The real issue, Bradley says, is that dealers who are obtaining synthetic marijuana are operating in places where the District’s homeless populations usually hang out—like outside of the CCNV homeless shelter and around the Martin Luther King Jr. Library—as a way to deal synthetic marijuana incognito.

“What’s happened to us is that drug dealers are infiltrating in and among the homeless as a way of being invisible and conducting their business,” Bradley says. “As a byproduct, some of this is being distributed to homeless people.”

It gets more complicated. Synthetic marijuana is banned in D.C., but that’s not the case in nearby states, where it can be easily purchased at almost any gas station. That makes it fairly easy for distributors and dealers to bring it into D.C. and sell it for cheap.

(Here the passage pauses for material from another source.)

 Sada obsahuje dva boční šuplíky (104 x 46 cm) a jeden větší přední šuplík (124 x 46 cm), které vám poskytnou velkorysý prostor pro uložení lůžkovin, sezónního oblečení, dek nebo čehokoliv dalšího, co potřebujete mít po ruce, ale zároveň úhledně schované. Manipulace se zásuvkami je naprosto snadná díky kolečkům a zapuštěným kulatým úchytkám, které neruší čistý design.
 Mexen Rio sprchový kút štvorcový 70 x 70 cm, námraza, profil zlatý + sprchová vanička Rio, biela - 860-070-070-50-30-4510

And with producers and manufacturers constantly changing the chemical composition and branding in order to skirt new laws, it becomes even more difficult to regulate—and also, more dangerous. “By changing the ingredients,” Bradley says, “it’s as if the suppliers or the producers want to get ahead of enforcement or health regulators.”

But the DCRA’s latest adopted regulations instead targets the packaging and price of synthetic drugs, rather than the chemical ingredients of it. Under DCRA regulations, any product that’s sold with the intent to “produce effects on the central nervous system or brain function to change perception, mood, consciousness, cognition and/or behavior” in ways that are similar to marijuana, cocaine, or any Schedule I drug are illegal. Moreover, the regulations allow government officials to treat any product that is “expensive and contain unusual warnings” as synthetic drugs (the example the DCRA gives is that regulators could deduce that a gram of glass cleaner being sold for $20 with a “not for sale to minors” warning on it as a synthetic drug).

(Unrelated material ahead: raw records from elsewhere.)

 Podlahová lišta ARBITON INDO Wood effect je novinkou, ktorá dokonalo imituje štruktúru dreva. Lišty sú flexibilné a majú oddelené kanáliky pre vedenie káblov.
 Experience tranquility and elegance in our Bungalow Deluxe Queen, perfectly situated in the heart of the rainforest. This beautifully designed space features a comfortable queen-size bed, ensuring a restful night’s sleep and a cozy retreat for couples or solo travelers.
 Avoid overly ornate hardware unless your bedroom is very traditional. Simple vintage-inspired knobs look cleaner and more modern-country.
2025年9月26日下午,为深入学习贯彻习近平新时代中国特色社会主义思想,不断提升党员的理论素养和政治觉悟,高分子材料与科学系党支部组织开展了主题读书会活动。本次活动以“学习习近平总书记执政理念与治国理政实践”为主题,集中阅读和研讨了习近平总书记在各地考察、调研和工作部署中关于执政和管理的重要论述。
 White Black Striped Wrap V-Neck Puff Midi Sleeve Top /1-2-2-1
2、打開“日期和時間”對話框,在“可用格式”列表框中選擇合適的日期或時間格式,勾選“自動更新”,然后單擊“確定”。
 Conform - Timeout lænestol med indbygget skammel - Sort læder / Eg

In yesterday’s press conference, Bowser, along with Metropolitan Police Chief Cathy Lanier, said government agencies are still working to address the problem.

“My administration is working multiple resources to crack down on the distribution and consumption of these dangerous synthetic drugs,” Bowser said, adding that her administration is working with the D.C. Council to finalize language in legislative measures aimed at cracking down on the sale and distribution of synthetic drugs.

Meanwhile, the DBH’s K2 Zombie campaign has a Youth Prevention Leadership Pool, in which they have youth volunteers help educate their peers about the dangers of synthetic marijuana. Bazron says they’re about to launch the next phase of the K2 Zombie campaign, which will feature Metrobus and bus stop ads throughout D.C., as well as “mobile advertisements” circulating through neighborhoods in all eight wards. They’re also working with their homeless outreach team to ensure that information is provided to individuals who are homeless.

And Bradley says the DowntownDC BID is actively and aggressively working with the MPD and the U.S. Attorney’s Office to eradicate the particular issue in downtown D.C.

“We’re very concerned on all levels,” he says. “We’re concerned for the homeless people who are vulnerable, we’re concerned for the public health issues, but we’re also concerned about the need to interdict this kind of drug dealing.”